Mein Schwager kommt aus Dänemark und hat sich jüngst aufrichtig über sein originelles Souvenir von seiner Deutschlandreise gefreut. Da hatte ihm irgendeine Behörde zwei witzige Fotos nach Dänemark nachgeschickt, wie er gerade am Steuer seines Volvo samt Familie auf der Landstraße durch den deutschen Frühling cruist. Mit 66 Stundenkilometern, statt den erlaubten 60. Nun muss er dafür 10 Euro bezahlen. „Für solch originelle Abzüge ein Schnäppchen“, wie mein Schwager findet. „Dass Deutschland das für den Preis anbietet, kann doch nicht wahr sein.“

Oh doch! In der Tat. Ein Vergleich: Im Europapark wird man auf der Achterbahn ja auch stets fotografiert. Will man davon zwei Abzüge haben, kostet es 12 Euro, nämlich 6 pro Exemplar. Da ist eine Geschwindigkeitsübertretung ganz klar das bessere Geschäft. Und der internationale Versand ist auch noch inklusive.
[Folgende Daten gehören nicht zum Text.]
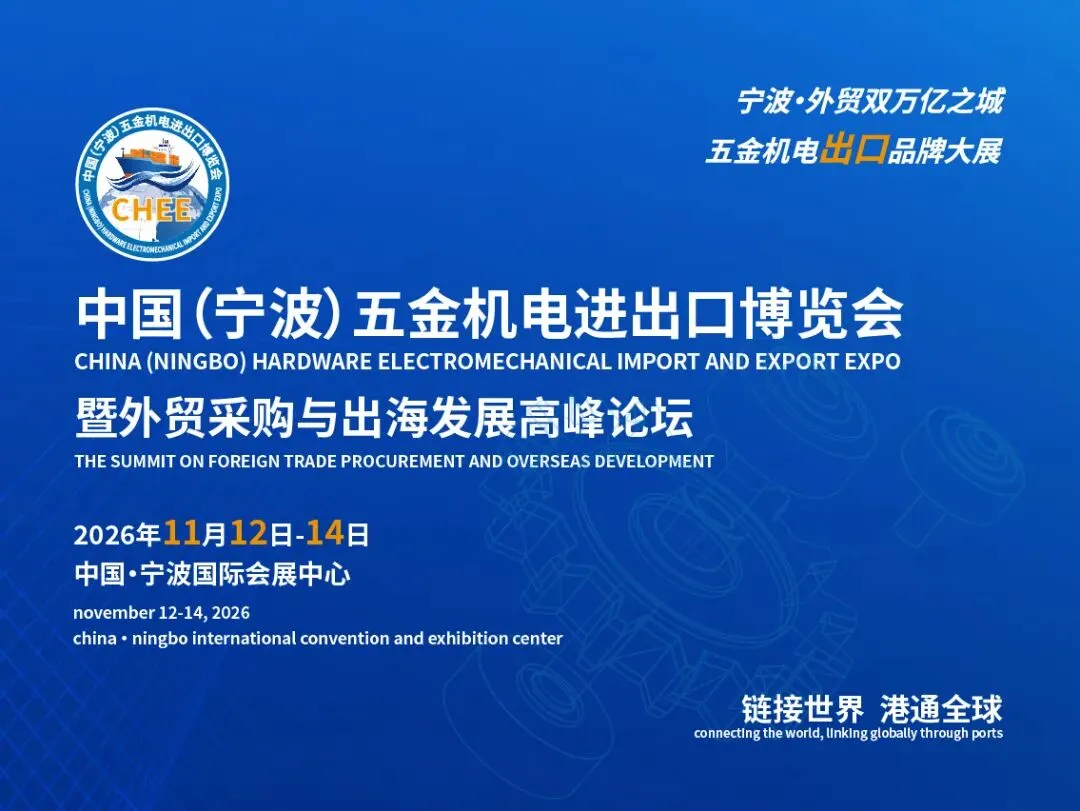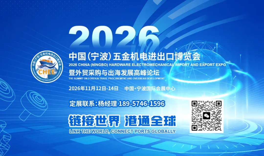 2026中国(宁波)五金机电进出口博览会2026 CHINA (NINGBO) HARDWARE ELECTROMECHANICAL IMPORT AND EXPORT EXPO暨外贸采购与出海发展高峰论坛THE SUMMIT ON FOREIGN TRADE PROCUREMENT AND OVERSEAS DEVELOPMENT2026年11月12日-14日中国•宁波国际会展中心订展联系电话:杨璐 18957461596国际五金机电高新技术产品展国际工业五金工具及紧固件展国际新型建筑五金展国际智能门锁与未来居家安全展国际机电产品及技术装备展国际泵阀及电机技术产品展支持单位:中国五金交电化工商业协会、中国家用电器商业协会、上海五金商业行业协会、浙江省五金工具行业协会、江苏省五金制品行业协会、长三角五金机电产业联盟、宁波市五金制品协会、金华市工具行业协会、宁波市轴承行业协会、余姚市五金制品协会、义乌市五金家电行业协会、丹阳市超硬材料工具商会、保定市轻型起重机械行业协会主办单位:中展兴业(北京)国际会展有限公司承办单位:宁波港通国际会展有限公司 随着全球经济一体化进程的加速和国际贸易的不断深化,五金机电产业作为全球制造业的重要支柱,正迎来前所未有的发展机遇。智能制造、绿色环保、自动化生产等技术的突破性进展,推动了五金机电行业的快速创新与升级。特别是在数字化转型的浪潮下,五金机电产品正在朝着智能化、定制化和高效化方向发展,产业结构正逐步向高端技术产品转型。 当前,国际市场对高质量五金机电产品的需求持续快速增长,越来越多的企业开始加速“出海”步伐,期望借助先进的技术与创新产品,开拓更广泛的国际市场,在全球供应链中占据更加重要的位置。 宁波作为中国重要的制造业基地和港口贸易中心,凭借完善的产业链生态、便捷的物流体系和强大的出口能力,已经成为全球五金机电产品的重要集散地,吸引了大量外贸企业在此聚集。宁波舟山港作为全球最大的货物吞吐港,连接着全球200多个国家和地区,为五金机电企业提供了便捷的贸易通道。统计数据显示,2024年宁波口岸进出口2.54万亿元,出口五金机电产品9891.1亿元,增长9.2%,占宁波口岸出口份额提升至52.9%,对口岸出口增长贡献率达62.2%,展现出强劲的增长态势。 在当前国际形势和经济发展的大背景下,五金机电企业亟需通过参与国际化展会,增强与全球供应商、采购商的对接与合作,提升国际市场竞争力。2026中国(宁波)五金机电进出口博览会,将为企业提供一个展示创新技术、拓展全球市场、深化合作关系的理想平台,助力企业在全球化竞争中立于不败之地。

Bedenkt man, wie unwahrscheinlich es ist, überhaupt bei einer Geschwindigkeitsübertretung erwischt zu werden, kann man den Tempomaten auf der Autobahn ohne große finanzielle Risiken getrost 9 km/h über die erlaubte Grenze programmieren.

Was Raser wissen müssen

Ich bin als 18-jähriger Fahranfänger auf der A5 bei Karlsruhe mal 40 km/h in einer Baustelle gefahren. Weil da eben 40 km/h vorgeschrieben, verdammt! Der Lastwagen-Fahrer hinter mir hielt mich wohl für eine völlig belämmerte Schlafmütze. Denn er hupte und er blendete mich aus allen ihm verfügbaren Lampen. Außerdem musste er mich per Funk verpfiffen haben, denn auch etliche LKW vor mir hupten mich später auf freier Strecke in solidarischer Rachsucht an.

Es ist für manche eben völlig absurd, sich in Deutschland an die Geschwindigkeitsbegrenzungen zu halten. Wer es doch tut, hat sie wohl nicht mehr alle, derartig den Verkehr aufzuhalten.

Wenn man sich den Bußgeldkatalog mal so durchliest, hat man auch tatsächlich das Gefühl, der Gesetzgeber ist ganz unangenehm berührt davon, überhaupt Bußgelder verhängen zu müssen. Nach dem Motto: Was du tust, ist zwar verboten, aber so schlimm ist es nun auch wieder nicht. Freie Fahrt für freie Bürger und so.

Was soll das? Wenn es nicht so schlimm ist, braucht man es nicht zu ahnden. Wir sollten aber unterstellen, dass unsere demokratisch gewählten Repräsentanten nur dann Verbote erlassen, wenn diese im öffentlichen Interesse sind. Die Zahl der Verkehrstoten geht hierzulande nicht zurück. Und Ursache Nummer eins ist Raserei.

In Deutschland aber ist das beste Argument gegen die Durchsetzung von Verboten durch die Behörden: „Polizeistaat oder wat?“

Unsere europäischen Nachbarn sind da konsequenter. Weil sie etwa eine Geschwindigkeitsüberschreitung für gefährlich halten, wollen sie sie verhindern. Mit derart hohen Bußgeldern, dass der Respekt davor den Leuten schon intuitiv den Fuß vom Gas zieht.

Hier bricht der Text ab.